Now, further down in the NGPL tariff, you will see these fuel percentages. These are the charges of fuel that they have the right to retain. Now, again, getting back to our example, if you look under the Receipt Zone and you find the Midcontinent, and then you move over to the right, that's under the market, what they're saying is it costs them essentially 3.2% fuel to move the gas from Oklahoma to Chicago. In other words, their estimate is that they lose that much.
So, for our purposes, what happens is, let's say, for instance, you want to move 100,000 MMBtu's a day to Chicago. If you put 100,000 MMBtu's a day in Oklahoma, essentially you're only going to get about 997,000 delivered to Chicago because they're going to retain this 3.2%. The reason we need to know that is that is a cost. So, for instance, if we are buying 100,000 in Oklahoma, we're only going to be able to sell the 997,000 in Chicago. So we have to, in terms of our economics, we have to price that in.
Now here is just another pipeline that you can see with zonal rates. This is a pipeline company called Enable, and as you can see, they're all over Oklahoma and over Arkansas and parts of Louisiana. The reason I want to use them is because here is essentially their storage rates, so we can talk about storage. It's set up fairly similarly.
You can see here FSS, or Firm Storage Service, the Deliverability Fee. That's actually similar to the Firm Reservation Fee on a pipeline. You have to pay this to guarantee that, in fact, the gas can get to and from the facility when you need it. The Capacity Fee itself, this is the charge on the total capacity that you are asking to be reserved in their storage facility.
So, let's just say you want a bcf of space in their storage facility. They're going to charge you this 2.3 cents per month for that, and then the actual monthly storage fee is going to be about a penny and a half. And then, you see, they also have an INTERRUPTIBLE Storage Service as well.
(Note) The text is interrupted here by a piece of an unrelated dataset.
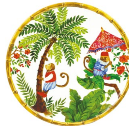
MJ-02DB : GRANDE ASSIETTE / LARGE PLATE Ø 28 cm / 350 g

So, this basically covers the transportation rates and storage rates, which, again, are part of the value chain, and we have to take those into consideration when we are actually transacting natural gas deals, either with the producer or with an end user. So, we know either what charges to add up from the wellhead forward to charge the end user, or if we have a price from the end user, all the costs to deduct going back to where then we have what we would call a netback price at the wellhead.